You do realize that the Bureau of Engraving and Printing, which is part of Treasury, physically prints the money (along with the Mint, also part of Treasury, which coins physical money too)?
Now, just when these amateurs claim they know that, let’s talk about the money supply: There has not been any big change in the money supply (M2). I mean, have you even taken the 10 seconds necessary to create a graph from FRED?
Clearly, you screwed up excess reserves with money. Good job hombre. Do you need a lesson in channel-corridor economics too?
So, please tell me how monetary policy neither rejuvenates the economy nor creates jobs using the principle of monetary nonneutrality given price stickiness.
And I dare you to find empirical evidence that monetary policy created the housing bubble. Here’s a hint, it ain’t out there, no matter what phony coefficients John Taylor uses.
You know damn well that Wall Street pumped up the bubble with financial innovation, and so do good economists who have done more rigorous work than you have with your watered down MBA classes.
Finally, commodity prices are very volatile and have generally foreshadowed neither major inflation nor major deflation.

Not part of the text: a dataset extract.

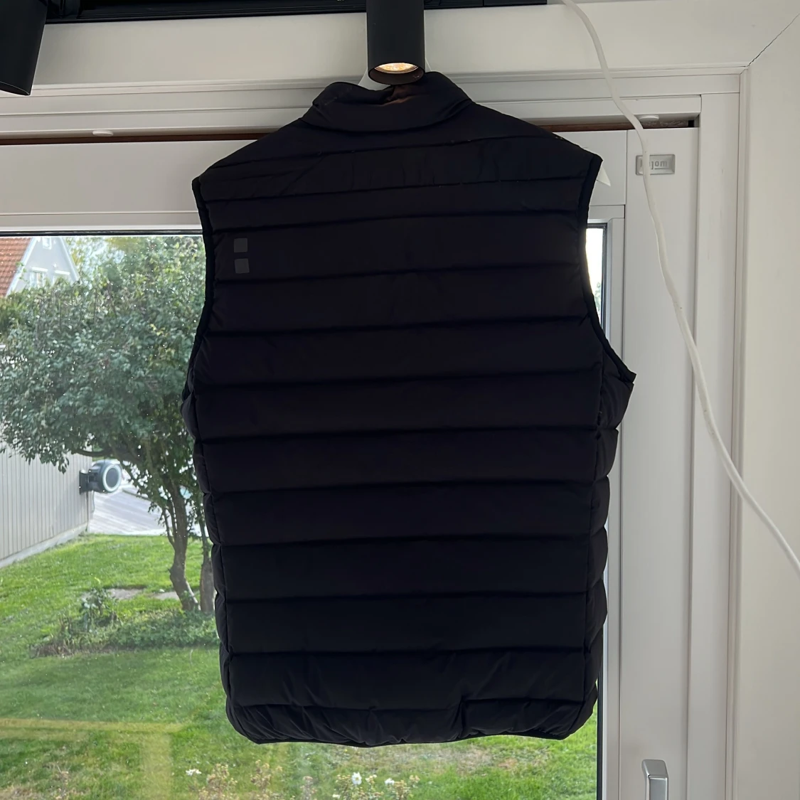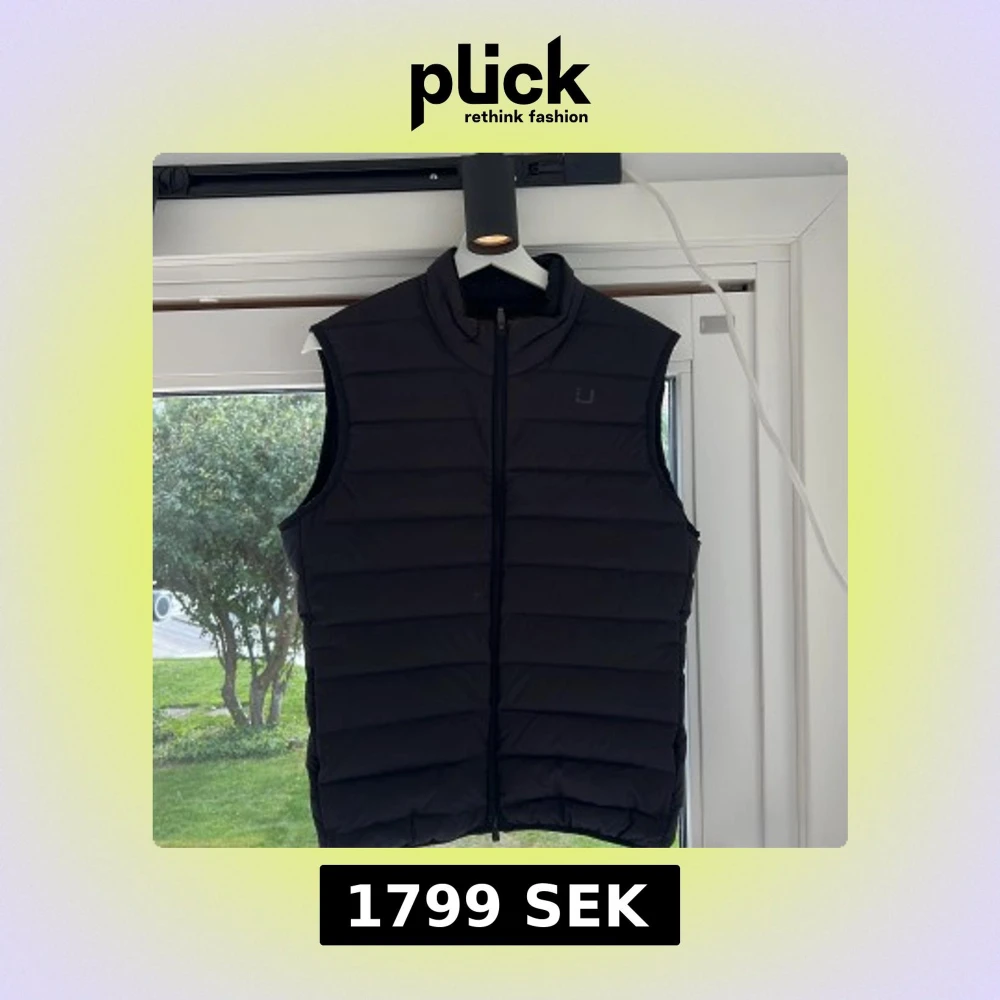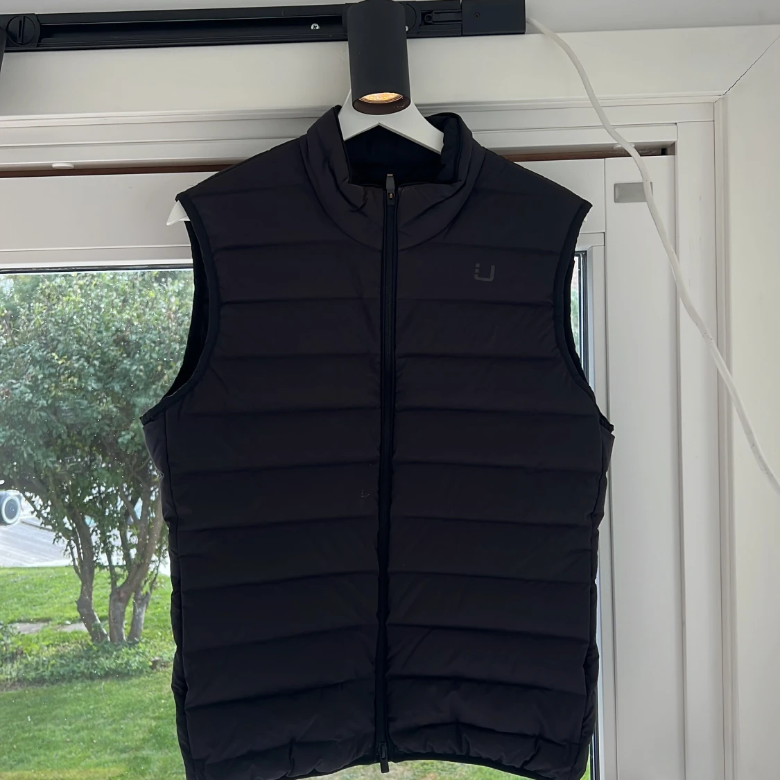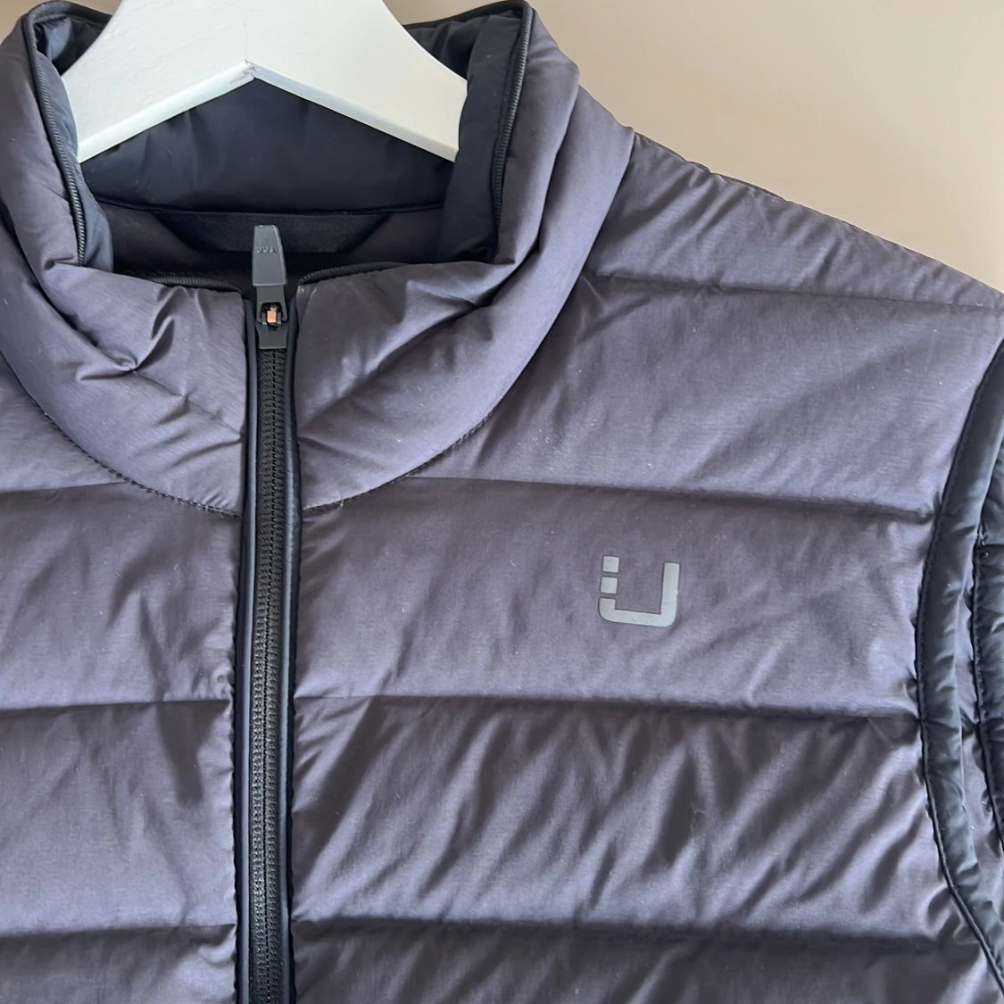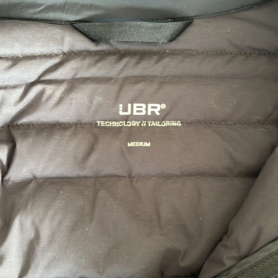 Mörkblå dunväst från UBR i storlek medium. Västen har quiltad design med horisontella sömmar, hög krage och dragkedja framtill. Materialet är polyester och dun, perfekt för kyliga dagar. Diskret UBR-logga på bröstet ger en clean look.

Why weren’t you and your ilk whining about deflation back in late 2007/early 2008 when commodity prices plunged?
And, by the way, those very volatile commodity prices I just mentioned have now pushed the overall commodity index back to where it was before it plunged back in December 2007, when, you know, output also plunged.
So there you have it. An investment manager and blogger who cannot even understand that commodity prices have been driven by growth and not monetary policy.